If you are simply trying to remove adjacent values within that tolerance from a vector, I would start with something like this:
roc = ...
tolerance = 0.1;
idx = [logical(1) diff(roc)>tolerance)];
rocReduced = roc(idx);
'rocReduced' is now a vector with all values that didn't have an adjacent values within a tolerance in the original vector.
This approach has two distinct limitations:
The original 'roc' vector must be monotonic.
No more than two items in a row may be within the tolerance, otherwise the entire swath will be removed.
I suspect the above would not be sufficient. That said, I can't think of any simple operations that overcome those (and other) limitations while still using vectorized matrix operations.
If performance is not a huge issue, you maybe the following iterative algorithm would suit your application:
roc = ...
tolerance = 0.1;
mask = true(size(roc)); % Start with all points
last = 1; % Always taking first point
for i=2:length(roc) % for all remaining points,
if(abs(roc(i)-roc(last))<tolerance) % If this point is within the tolerance of the last accepted point, remove it from the mask;
mask(i) = false;
else % Otherwise, keep it and mark the last kept
last = i;
end
end
rocReduced = roc(mask);
This handles multiple consecutive sub-tolerance intervals without necessarily throwing all away. It also handles non-monotonic sequences.
MATLAB users sometimes shy away from iterative solutions (vs. vectorized matrix operations), but sometimes it's not worth the trouble of finding a more elegant solution when brute force performance meets your needs.
Let all the elements in your matrix form a graph G = (V,E) such that an there is an edge between two vertices (u,v) if the difference between them is less than 0.01. Now, construct an adjacency matrix for this graph and find the element with the largest degree. Remove it and add it to a list and remove it's neighbors from your graph and repeat until there aren't any elements left.
CODE:
%% Toy dataset
M = [1 1.005 2 ;2.005 2.009 3; 3.01 3.001 3.005];
M = M(:);
A = false(numel(M),numel(M));
for i=1:numel(M)
ind = abs(M-M(i))<=0.01;
A(i,ind) = 1;
end
C = [];
while any(A(:))
[val ind] = max(sum(A));
C(end+1) = M(ind);
A(A(ind,:),:) = 0;
end
This has a runtime of O(n^2) where your matrix has n elements. Yeah it's slow.
From your description, it's not very clear how you want to handle a chain of values (as pointed out in the comments already), e.g. 0.0 0.05 0.1 0.15 ... and what you actually mean by removing the elements from the matrix: set them to zero, remove the entire column, remove the entire line?
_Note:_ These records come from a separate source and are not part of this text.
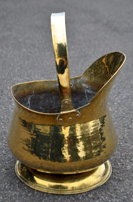 Messing kul spand, 19. årh., England. H. inkl. hank: 41 cm. Dia: 26 cm.Emne nummer: 28984
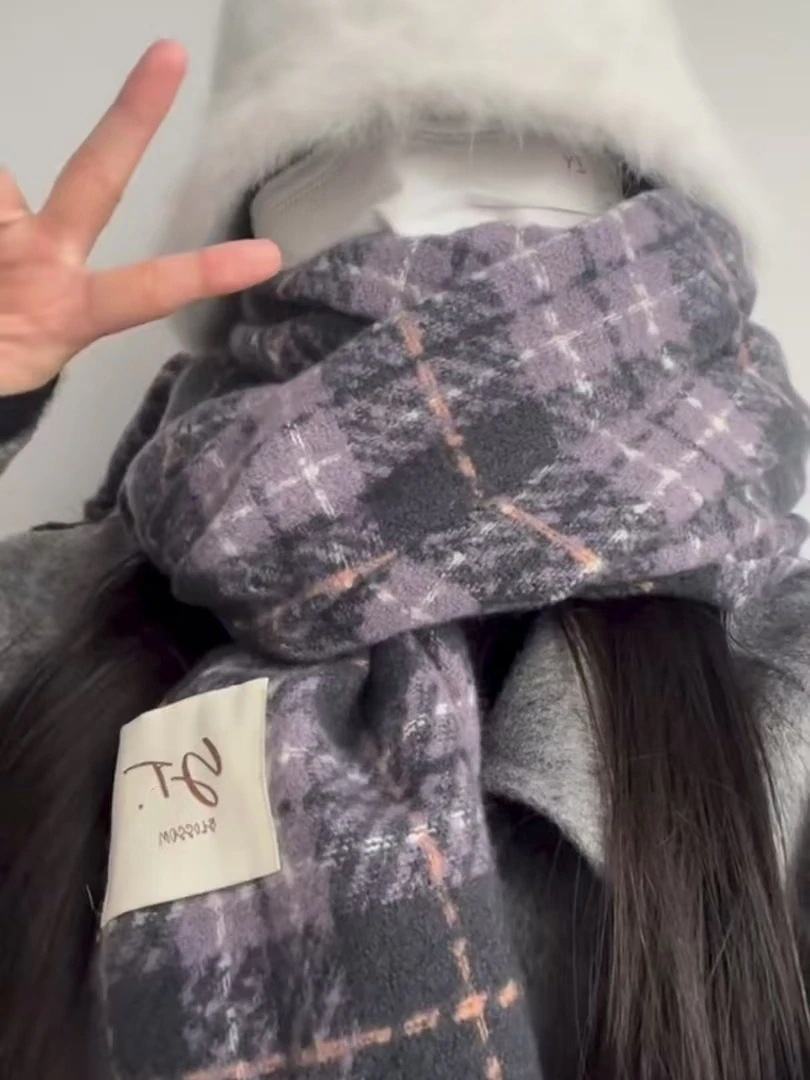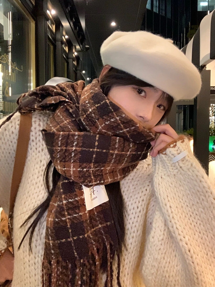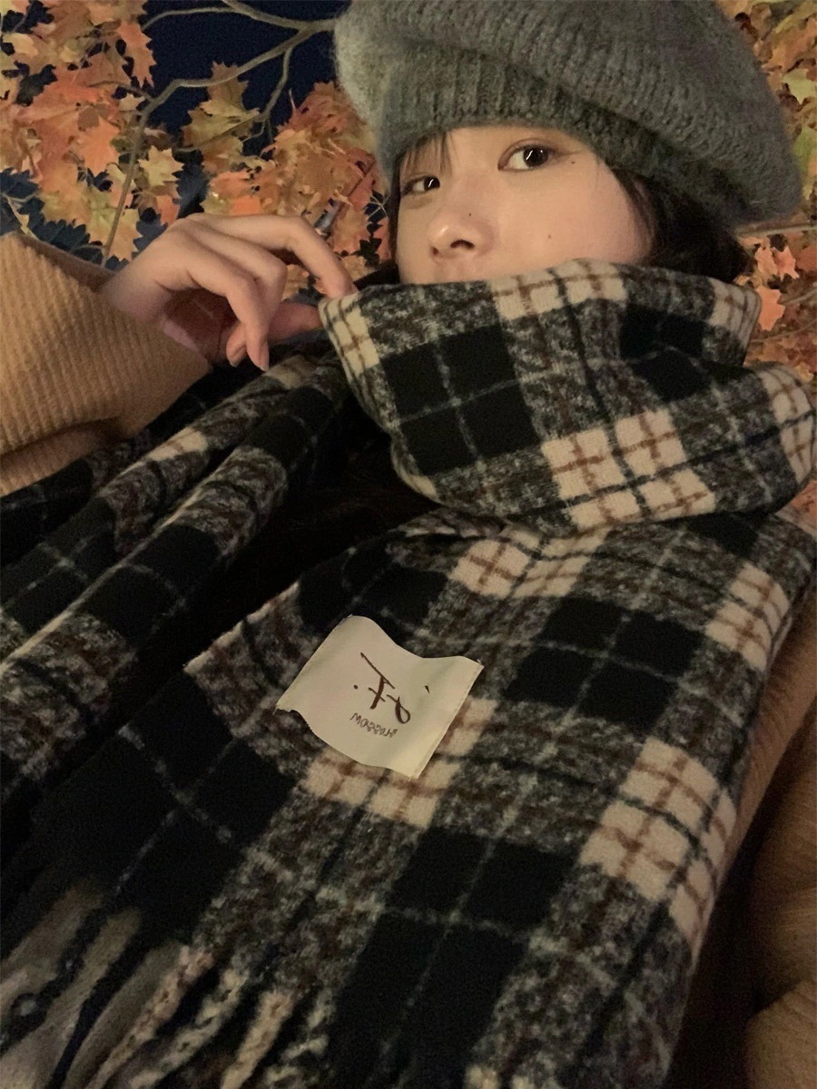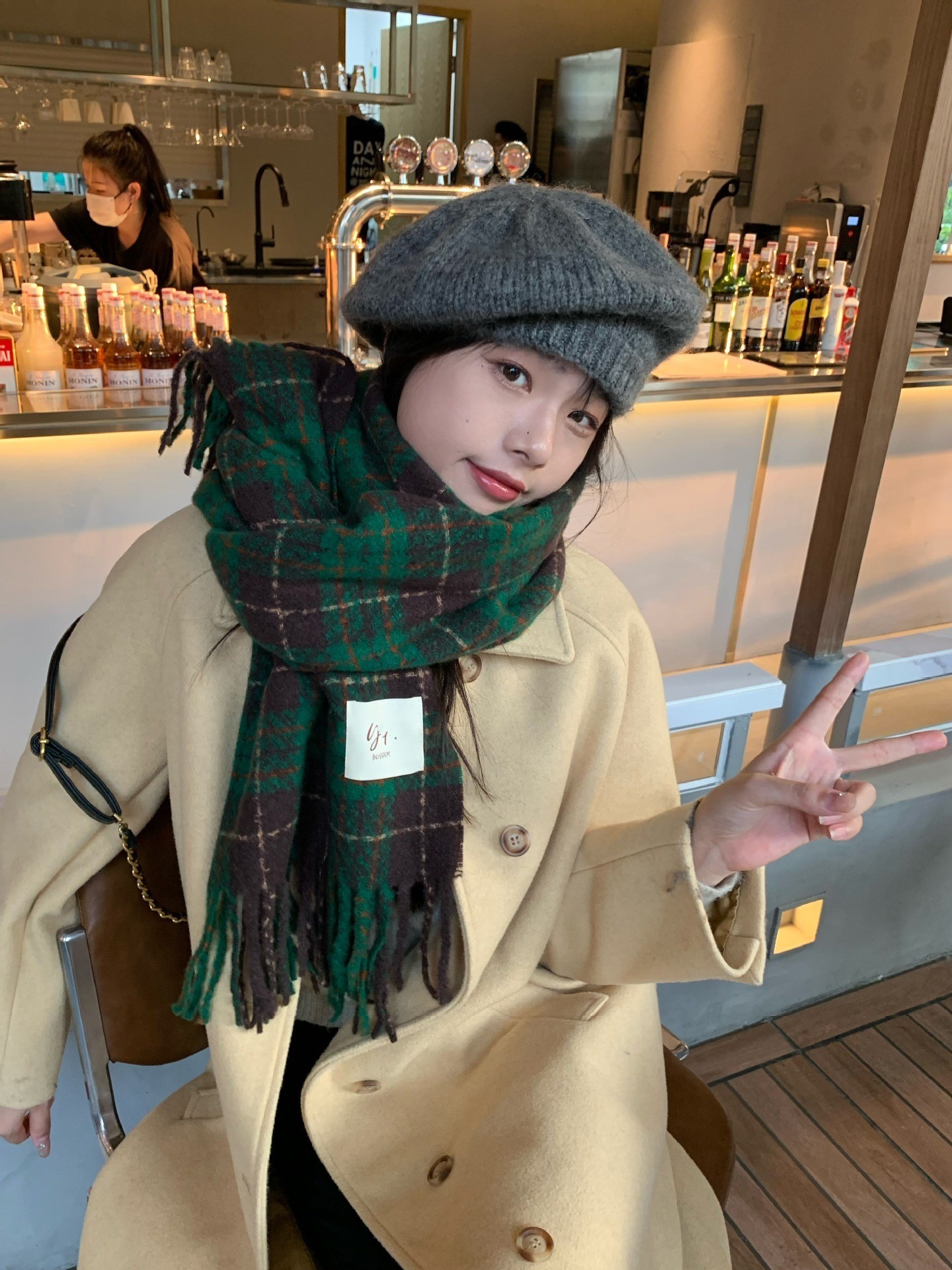 女性用のグリーンのチェック柄スカーフ韓国風魅力的多用途タッセル付きネックウォーマー極厚で長い暖かいショール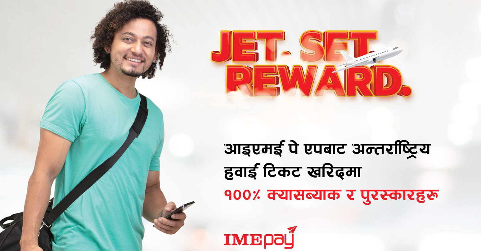 काठमाडौं । नेपालको पहिलो डिजिटल वालेट आइएमई पेले अन्तर्राष्ट्रिय हवाई टिकट खरिद गर्ने ग्राहकलाई लक्षित गरी जेट सेट रिवार्ड नामक अफर ल्याएको छ । अफरअन्तर्गत आइएमई पे एपमार्फत् अन्तर्राष्ट्रिय हवाई टिकट खरिदमा शतप्रतिशत क्यासब्याक साथै अन्य पुरस्कार पनि जित्ने मौका पाउने कम्पनीले जनाएको छ ।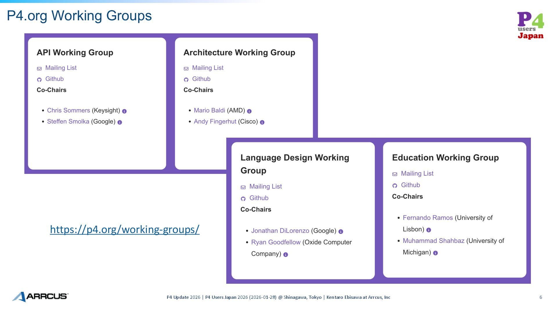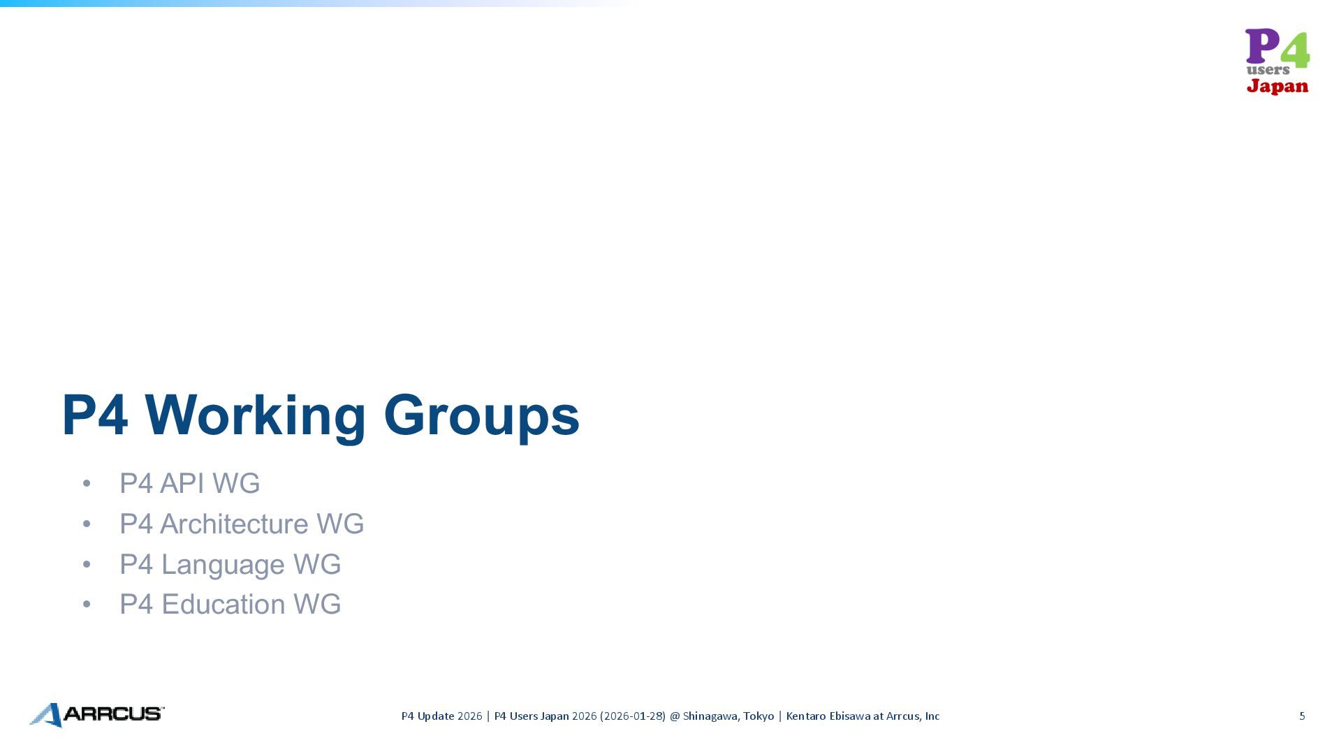 WG • P4 Language WG • P4 Education WG P4 Update 2026 | P4 Users Japan 2026 (2026-01-28) @ Shinagawa, Tokyo | Kentaro Ebisawa at Arrcus, Inc 5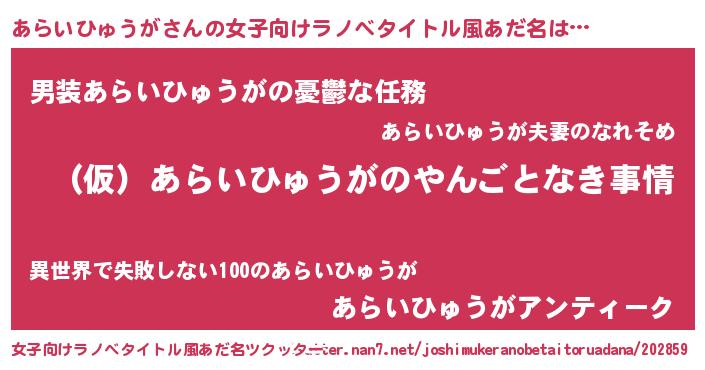 | 男性向けラノベタイトル風あだ名 | 『あらいひゅうがの憂鬱』 |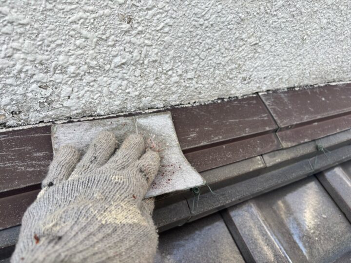 塗装面についた古い塗膜やサビを除去。キレイに塗料でコーティングするために重要です。雨押え ケレン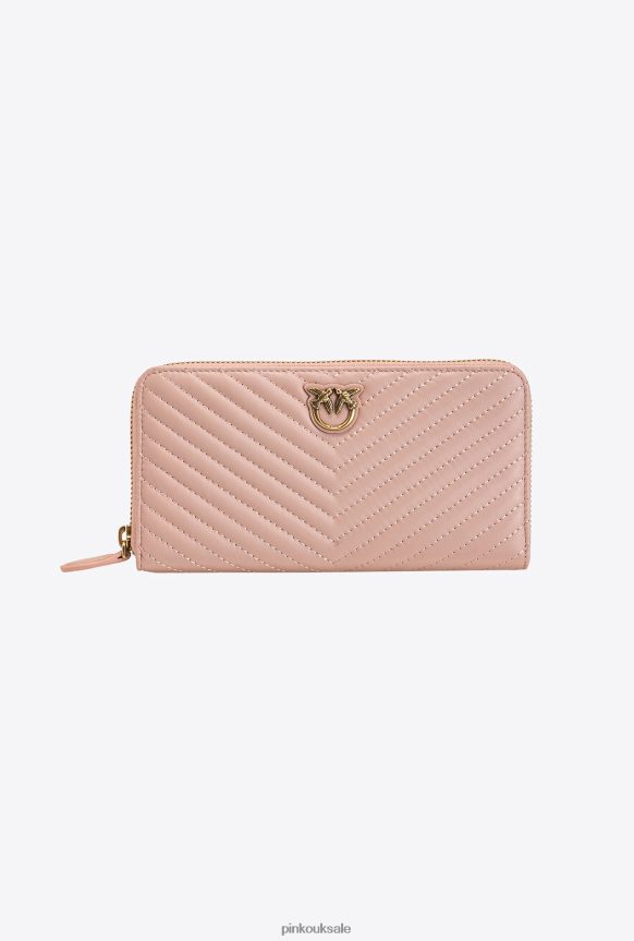 Purses | Pinko Zip-around wallet in chevron-patterned nappa DUSTY PINK-ANTIQUE GOLD FTB64L1159 Pinko Dress Uk

For a vector, it could look like (similar to Adams solution)
roc = ...
tolerance = 0.1;
% sort it first to get the similar values in a row
[rocSorted, sortIdx] = sort(roc);
% find the differing values and get their indices
idx = [logical(1); diff(rocSorted)>tolerance)];
sortIdxReduced = sortIdx(idx);
% select only the relevant parts from the original vector (revert sorting)
rocReduced = roc(sort(sortIdxReduced));
The code is untested, but should work hopefully.
Before you use a threshold or tolerance to keep values that all close enough, you can use matlab inbuilt unique() to reduce the run. Usually, matlab tries to accelerate their inbuilts, so try to use as many inbuilts as possible.